Even though the search for the neural correlates of consciousness is still an unresolved challenge of astonishing complexity (Crick 1994), the continuous efforts to crack the mystery are not expended in vain. Each year brings an increasing number of cognitive neuroscientific studies that reveal yet another piece of the puzzle of the neural basis of subjective experience. However, it often seems that individual findings are too diverse and sparse to form a coherent picture. In addition to the fundamental problem of the binding of conscious experiences (Singer 2001), we increasingly face the problem of how to bind the findings of consciousness-related studies. The present target paper by Prof. Wolf Singer serves such a discovery-binding function, bringing very diverse findings into a unified picture of how the neural correlates with the subjective.

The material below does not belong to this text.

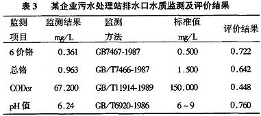 2007年1月某環境監測站對該企業污水處理站排水口進行了水質監測,監測項目為6價鉻、pH、總鉻和CODCr4項,具體監測數據及評價結果見表3。

In an impressively erudite manner, Singer (this collection) integrates a very broad range of anatomical and functional findings of the organisational principles of the brain, concluding that the high-level cognitive functions are supported by densely coupled, recurrent neural networks, interacting under the principles of non-linear dynamics. In the proposed framework, perception is treated as an active process, whose self-organisation is initially determined by genes, and later modified by post-natal development, learning, social interactions, and cultural influences. At the neuronal networks level, high-level integration and communication are achieved through synchronisation of oscillations in different electroencephalography (EEG) frequency bands, the most notable of which is gamma band (>30Hz) synchronisation (Engel et al. 1999). Given that an association between the widespread gamma-band synchronisation and conscious awareness is found in rather different experimental paradigms, such as visual masking (Melloni et al. 2007), binocular rivalry (Doesburg et al. 2009), and attentional blink (Gross et al. 2004), gamma synchronisation is often regarded as the main NCC (Singer this collection).
Yet the candidature of gamma synchronisation as the correlate of consciousness is challenged by some findings from research into the behavioural states of the brain. If gamma-range activity correlates with consciousness, it should diminish when consciousness ceases. Contrary to this, gamma band activity seems to increase rather than decrease in response to certain general anaesthetics, such as ketamine (Steriade et al. 1996). Furthermore, gamma synchronisation seems to be absent in some conscious brain states. For instance, it has been reported that large-scale neocortical gamma-band coherence is virtually absent during rapid eye movement (REM) sleep in cats (Castro et al. 2013), a state typically marked by the most intense dreaming in humans (Hobson et al. 2000) as well as in felids (Jouvet 1979).
The target paper briefly mentions neural mechanisms supporting overall brain states, but dismisses them as modulatory systems that are too general to be considered the NCC (Singer this collection). In the following, I will argue that the relation between the neural mechanisms of the contents and states of consciousness is not straightforward, and that the puzzle of the neural mechanisms of consciousness cannot be completed without studying the neural mechanisms of conscious states.